Nicole Pani (born Montandon on 30 October 1948 at Suresnes) is a former French athlete, who specialised in sprinting.

Biography  
Pani became notable in the 1966 junior track where she ran 11.8s in the 100 m. and 24.3s in the 200 m. She won second place at the European Championships in the category over 200m.
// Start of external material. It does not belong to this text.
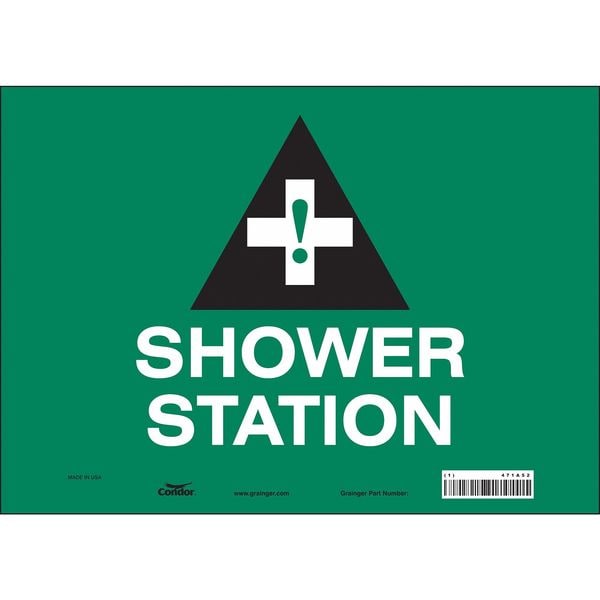 Safety Sign, Horizontal Rectangle, Number of Printed Sides 1, English, Sign Format Other Format, Sign Legend Shower Station, Sign Legend Background Color Green, Sign Legend Style Symbol and Text

She married the long jumper, Jack Pani.

She participated in the 1968 Olympics, at Mexico and placed fifth in the 200m (23.0s).

Selected 29 times for French athletic teams, she won the silver medal in the 100m during the 1971 Mediterranean Games.  In 1972 she was second in the 4 × 1 lap relay in the European Indoor Championships at Grenoble, in the company of Michèle Beugnet,  Claudine Meire and Christiane Marlet.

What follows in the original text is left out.